> _Assigned task_
All pictures are to be omitted while the lines starting at the line with "My dad’s new" and ending at the line with "io e UZ! abbiamo" in the material below are retyped exactly, both ends included.

> _Records for the task_
━━━━━━━━━━

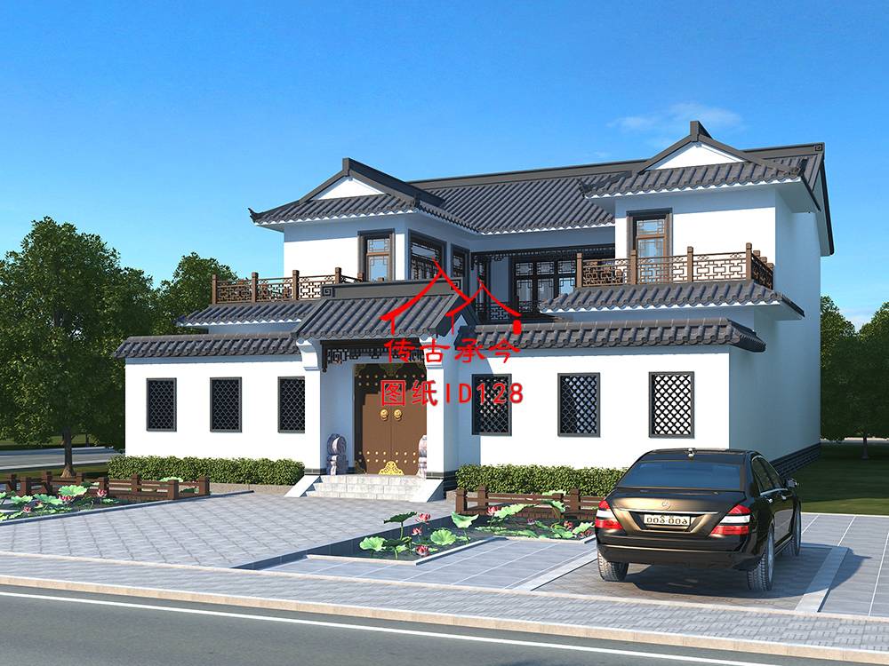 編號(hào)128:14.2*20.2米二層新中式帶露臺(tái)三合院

━━━━━━━━━━

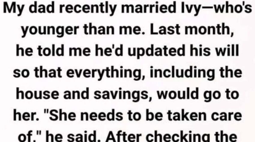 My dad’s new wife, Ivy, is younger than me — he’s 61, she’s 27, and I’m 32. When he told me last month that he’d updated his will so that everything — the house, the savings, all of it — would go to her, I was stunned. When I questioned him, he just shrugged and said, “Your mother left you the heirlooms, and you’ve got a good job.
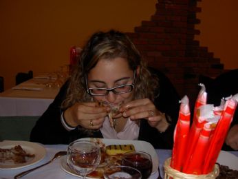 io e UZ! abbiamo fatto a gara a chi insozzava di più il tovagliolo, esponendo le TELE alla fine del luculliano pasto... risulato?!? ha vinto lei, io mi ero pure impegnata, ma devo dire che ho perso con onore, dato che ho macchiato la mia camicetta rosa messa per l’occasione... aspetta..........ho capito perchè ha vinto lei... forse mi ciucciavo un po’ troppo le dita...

━━━━━━━━━━

> _Output below_
 My dad’s new wife, Ivy, is younger than me — he’s 61, she’s 27, and I’m 32. When he told me last month that he’d updated his will so that everything — the house, the savings, all of it — would go to her, I was stunned. When I questioned him, he just shrugged and said, “Your mother left you the heirlooms, and you’ve got a good job.
 io e UZ! abbiamo fatto a gara a chi insozzava di più il tovagliolo, esponendo le TELE alla fine del luculliano pasto... risulato?!? ha vinto lei, io mi ero pure impegnata, ma devo dire che ho perso con onore, dato che ho macchiato la mia camicetta rosa messa per l’occasione... aspetta..........ho capito perchè ha vinto lei... forse mi ciucciavo un po’ troppo le dita...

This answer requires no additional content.